Chaos Engineering- Chaos Toolkit- S1E2- Pod Kill

In this episode, we will see a sample experiment on how to kill a pod in Kubernetes cluster. If you have not seen the introduction on Chaos Engineering yet, please visit S1E1.

Kubernetes Pod Failure

Pod failures are bound to happen and by using an orchestration tool like Kubernetes, we know that HPA will automatically recover the failed pod. But do we know how much time would it take to bring back a new pod? Would the rest of the pods be able to serve the traffic in peak hours? What if the pod does not start and goes into an infinite loop? Can we afford to bring our system down in Production in such circumstances that are highly likely to happen?

If we wait for this to happen in Production then answering all of these questions will be a nightmare. That’s where Chaos Experiments help us in killing a pod in Production to see how our system reacts and can we improve it to our satisfaction and make our system more resilient, robust and fault tolerant.

Extension chaosk8s:

This project contains activities, such as probes and actions, you can call from your experiment through the Chaos Toolkit to perform Chaos Engineering against the Kubernetes API: killing a random pod, removing a statefulset or node.

Kill a random pod:

The experiment takes label as an argument and kills any pod randomly which matches that label. As our pods are part of Kubernetes, they automatically get restarted by Horizontal pod autoscaler, thereby proving our system is resilient to pod failures. So, this experiment will give you a picture of how your system behaved all the while your pod was killed and recovered.

In the JSON below, you can replace the placeholders with your specifications.

{
"type": "action",
"name": "terminate_pods",
"provider": {
"type": "python",
"module": "chaosk8s.pod.actions",
"func": "terminate_pods",
"arguments": {
"label_selector": "app=<your_label>",
"name_pattern": "<a regular expression for your pod name>",
"rand": true,
"ns": "<your_namespace>"
}
}

How to run a Chaos Toolkit Experiment?

Well, first you need Python to run Chaos experiments. Create and activate a virtual environment where you can run chaos experiments and install k8s extension for Chaos. Below table lists the steps and commands to run an experiment in Mac.

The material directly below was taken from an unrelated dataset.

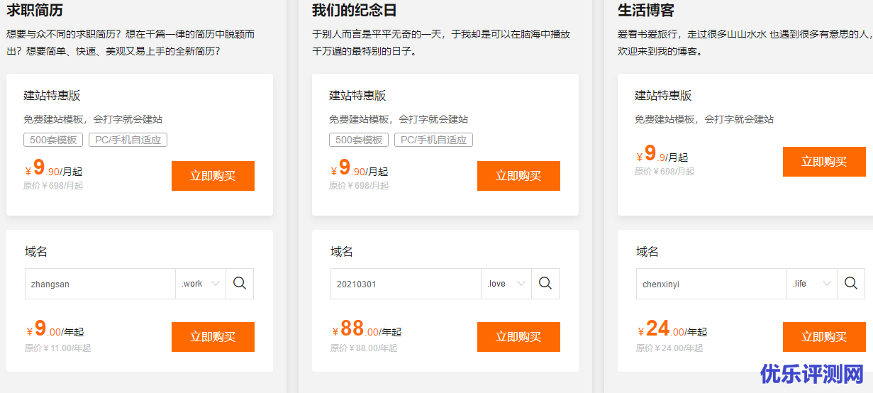 说明:模版建站特惠版9.90/首月起。模版建站基础版500.00/年起,模板建站会员电商轻营销998.00/年起,设计师定制建站4980.00/年起(买1年送6个月)。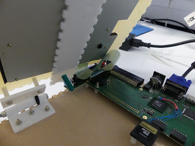 You can also see that I have screwed the C65 prototype motherboard down to another panel, and then added a home-made friction hinge (although it isn't strong enough to hold the keyboard open in position), so that I can open it up to get to the SD card. We might yet extend the SD card to a better location, so that we don't need to open the "lid" all the time.

Prerequisites for running an experiment
Github — Please visit my GitHub for sample pod kill experiment.

Experiment Output:

Pod kill experiment

Changes in cluster:

HPA in action

Conclusion: We can clearly see Pod terminating and Pod Initializing process and while the pod was down our steady state was met, which means other pods were able to serve the requests coming in. Now we can analyse our system behaviour for the duration of pod termination & initialisation; and also add more replica set to support business traffic.

Coming up next in S1E3 is ToxiProxy, a catchy name for an agent that injects Network level latency!

For a detailed list of all probes and actions that you can perform in a Chaos Experiment, please take a look at the following resources.

References:
https://principlesofchaos.org/
https://chaostoolkit.org/drivers/kubernetes/
https://en.wikipedia.org/wiki/Chaos_engineering
https://chaostoolkit.org/drivers/kubernetes/

Chaos Engineering- Chaos Toolkit- S1E2- Pod Kill was originally published in Walmart Global Tech Blog on Medium, where people are continuing the conversation by highlighting and responding to this story.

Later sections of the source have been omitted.